# Difficult maths question/ velocity accelerationWatch

#1
Hello, I do not fully understand how to solve this question.

The one-dimensional displacement (S meters) of a particle after t seconds is given by the function s=t(t-4)^2

1. Find the function representing the velocity of the particle at time t
2. At what time is the particle at rest?
3. At what time does the particle have zero acceleration?
4. What is the particle doing at this time and where is it?

I have tried to solve these questions and have answered some of them but would appreciate any help in explaining the answer and how to reach it.
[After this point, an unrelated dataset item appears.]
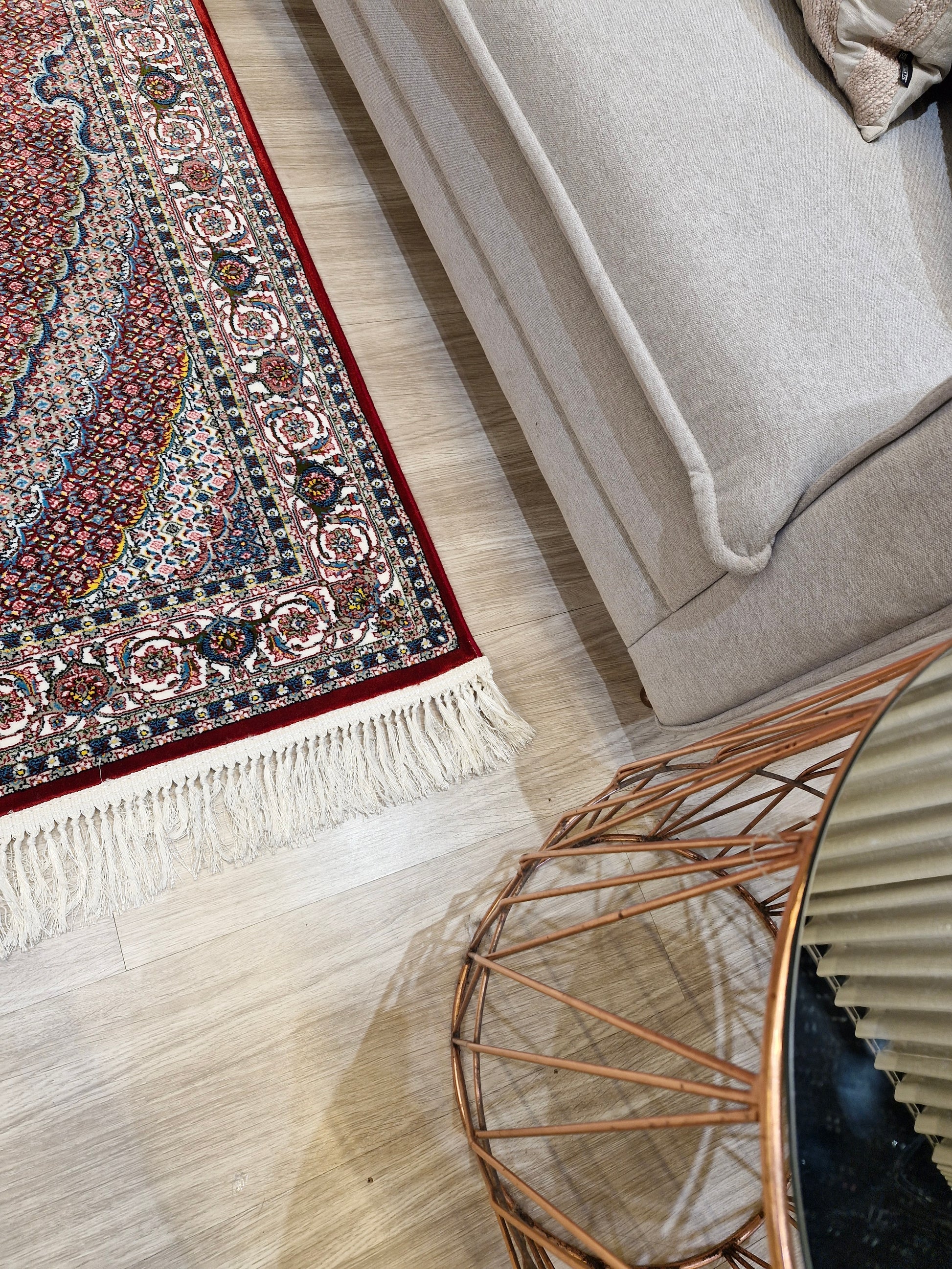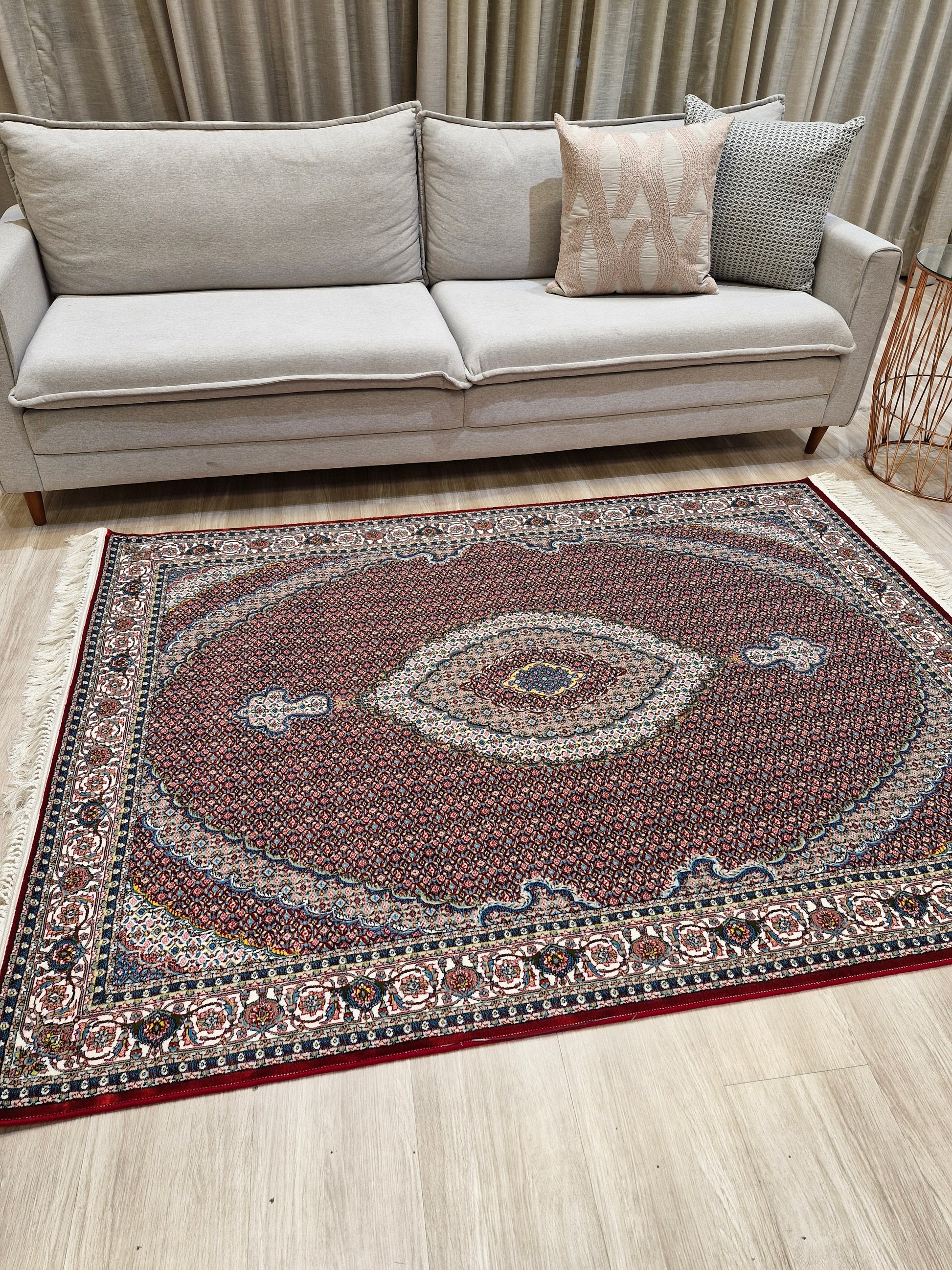 Ambientes com sofás neutros, madeira clara ou detalhes dourados realçam a riqueza dos padrões persas. Use-o como peça de destaque para criar um ponto focal luxuoso e acolhedor.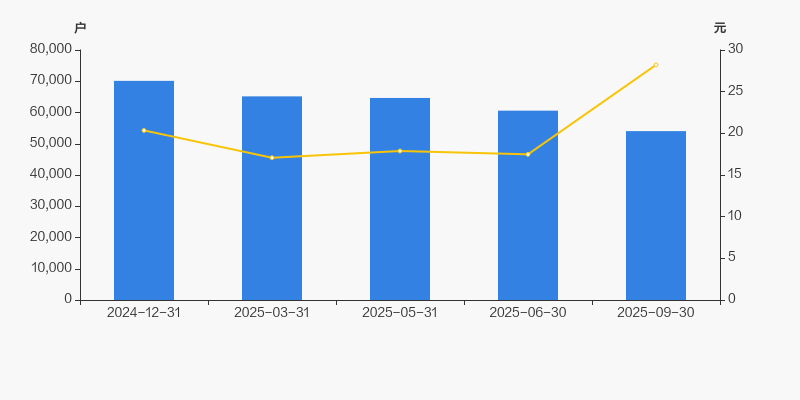 截至2025年9月30日,公司最新流通股本为6.4亿股。户均持有流通股数量由上期的1.06万股上升至1.18万股,户均流通市值33.38万元。

I have read my notes and several textbooks sections but I have only found a few examples in a different format which do not seem to be relevant to this particular question.

For the second question I think you would solve it by differentiating the function s=t(t-4)^2. So if the particle is at rest the velocity=0.
Differentiate the function to 3t^2-16t+16=0. Then factor to (3t-4)(t-4) to find that t=4/3 or t=4. So the particle is at rest after 4/3 seconds and again after 4 seconds.

For the third question the acceleration =0. Which is substituted into the function. And at this time the velocity would reach a maximum or minimum because a=dv/dt=0.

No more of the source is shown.